Dealing with conditions such as PCOS, endometriosis or PMDD can be upsetting, painful and throughly discombobulating. Layer on top being queer – much of existing medical literature and resources not making reference to some of the realities of your life – and things can get even harder.
This Pride Month, writer Lois Shearing, author of Bi the Way: The Bisexual Guide to Life, shares how their own endometriosis diagnosis landed the reality that uterus healthcare is a queer issue. Plus, what is being done to crack these conversations open.
'Oh' is not the word you want to hear from a gynaecologist performing an internal ultrasound on you, but I laid still and tried to relax.
'Okay,' she continued, repositioning the screen so I could see it. 'So you can see there’s quite a large growth in your right ovary.' After a few moments of processing, I told her that I wasn’t sure what she was pointing at; that I could only see the shadow taking up most of the screen. 'Yes, that’s it,' she replied.
Three weeks later I had surgery to remove what turned out to be an 8cm endometrioma – a type of cyst caused by endometrial tissue that grows on the ovaries – and was diagnosed with endometriosis.
After the cyst was discovered, I turned to the websites of endometriosis charities for more information.Whilst I found valuable knowledge and resources, it was also a reminder of how heavily gendered all the information around endometriosis is.

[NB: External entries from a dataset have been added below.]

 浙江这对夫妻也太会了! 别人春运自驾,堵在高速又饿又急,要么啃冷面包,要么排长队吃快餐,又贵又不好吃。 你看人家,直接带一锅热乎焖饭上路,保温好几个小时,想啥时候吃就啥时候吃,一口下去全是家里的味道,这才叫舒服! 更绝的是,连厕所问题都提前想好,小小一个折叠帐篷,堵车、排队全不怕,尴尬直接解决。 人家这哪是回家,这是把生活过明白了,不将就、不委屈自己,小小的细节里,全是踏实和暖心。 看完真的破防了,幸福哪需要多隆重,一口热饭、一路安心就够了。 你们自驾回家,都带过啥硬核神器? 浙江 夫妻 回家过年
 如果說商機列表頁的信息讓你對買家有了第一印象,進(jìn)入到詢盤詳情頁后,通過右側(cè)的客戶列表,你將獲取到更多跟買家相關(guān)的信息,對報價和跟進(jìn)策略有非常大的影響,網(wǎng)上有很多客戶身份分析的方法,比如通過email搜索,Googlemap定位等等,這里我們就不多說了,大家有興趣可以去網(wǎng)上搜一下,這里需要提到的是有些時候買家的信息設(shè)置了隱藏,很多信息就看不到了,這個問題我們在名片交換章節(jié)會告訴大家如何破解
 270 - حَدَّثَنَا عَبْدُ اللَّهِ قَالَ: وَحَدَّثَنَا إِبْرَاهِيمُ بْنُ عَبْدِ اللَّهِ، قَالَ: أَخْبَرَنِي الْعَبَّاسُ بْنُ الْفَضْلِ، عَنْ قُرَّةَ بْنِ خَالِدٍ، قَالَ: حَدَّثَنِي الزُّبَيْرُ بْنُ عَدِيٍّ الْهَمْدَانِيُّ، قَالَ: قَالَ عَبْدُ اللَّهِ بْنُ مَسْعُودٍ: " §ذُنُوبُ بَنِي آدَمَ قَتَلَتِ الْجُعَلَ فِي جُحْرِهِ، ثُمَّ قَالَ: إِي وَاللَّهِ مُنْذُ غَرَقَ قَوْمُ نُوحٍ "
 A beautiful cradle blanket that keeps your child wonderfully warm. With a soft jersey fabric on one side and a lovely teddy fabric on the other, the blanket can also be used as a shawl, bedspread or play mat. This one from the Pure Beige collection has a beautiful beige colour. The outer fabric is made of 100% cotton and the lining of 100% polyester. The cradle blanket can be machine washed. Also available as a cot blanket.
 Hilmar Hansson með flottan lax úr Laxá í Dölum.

As a genderqueer person, I conceptualise my gender as moving between woman, agender, and masc, and I use a combination of 'they' and 'she' pronouns to represent this. Other genderqueer people use the term to mean a whole host of things, including identifying as none, all, or a combination of genders. So it felt alienating to wade through page after page referring to endometriosis and uteruses as only belonging to those who identify exclusively as women.
'Agender' refers to someone identifying as not having a gender. Masc refers to a person whose gender is masculine
I also found myself having to navigate the assumption that protecting my fertility would be not only a concern but my main priority. Like many other people with reproductive diseases, I raised the possibility of having a hysterectomy – but was told that this is a very permanent procedure and I might change my mind about wanting children the traditional way in the future.

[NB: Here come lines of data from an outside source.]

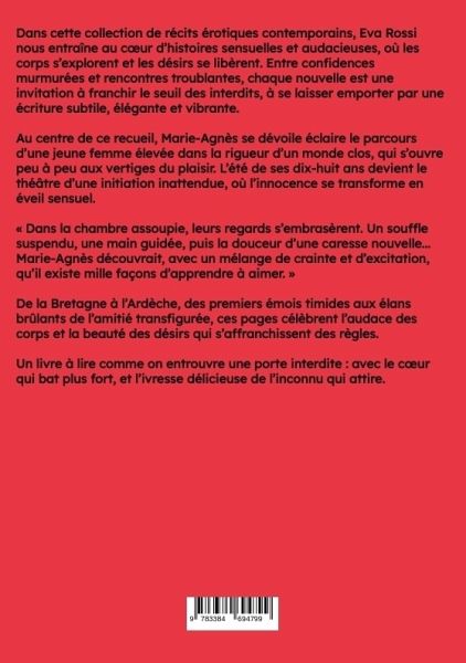 Dans cette collection de récits érotiques contemporains, Eva Rossi nous entraîne au coeur d'histoires sensuelles et audacieuses, où les corps s'explorent et les désirs se libèrent. Entre confidences murmurées et rencontres troublantes, chaque nouvelle est une invitation à franchir le seuil des interdits, à se laisser emporter par une écriture subtile, élégante et vibrante.Au centre de ce recueil, Marie-Agnès se dévoile éclaire le parcours d'une jeune femme élevée dans la rigueur d'un monde clos, qui s'ouvre peu à peu aux vertiges du plaisir. L'été de ses dix-huit ans devient le théâtre d'une initiation inattendue, où l'innocence se transforme en éveil sensuel.« Dans la chambre assoupie, leurs regards s'embrasèrent. Un souffle suspendu, une main guidée, puis la douceur d'une caresse nouvelle... Marie-Agnès découvrait, avec un mélange de crainte et d'excitation, qu'il existe mille façons d'apprendre à aimer. »De la Bretagne à l'Ardèche, des premiers émois timides aux élans brûlantsde l'amitié transfigurée, ces pages célèbrent l'audace des corps et la beauté des désirs qui s'affranchissent des règles.Un livre à lire comme on entrouvre une porte interdite : avec le coeur qui bat plus fort, et l'ivresse délicieuse de l'inconnu qui attire.
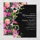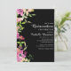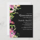 Pink Floral Sage Green Leaves Black Quinceañera Invitation
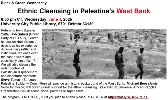 Green veteran returns to U. S. A. after a few months in the West Bank. Hear about what he saw and learned by pariticipating in the webinar on Wednesday, June 4, 2025, 5:30 pm MDT on Zoom. Register in advance at https://us06web.zoom.us/meeting/register/zaURk6w4TXe_J6ET1ezeGw#/registration

In the lead up to my surgery, my gynaecologist ‘reassured’ me several times that she’d do her best to save my ovary to help protect my fertility, (and to her credit, she did) despite me telling her that this was unimportant for me. Whilst fertility is a main priority for lots of people seeking endometriosis treatments, the assumption that anyone perceived as a woman would place it above other outcomes such as living as pain-free as possible, is steeped in misogyny and heteronormativity.
More people than ever before now identify as LGBTQIA+ in the UK. The latest ONS report found that 2.5% of females now identify as gay, lesbian, or bisexual (the ONS breaks down its categories into two sexes, but does not provide details as to whether participants are also asked about gender identity). Figures for the number of trans people in the UK are hard to come by, but a recent study from the USA found that the number of young people identifying as trans has nearly doubled in the last three years.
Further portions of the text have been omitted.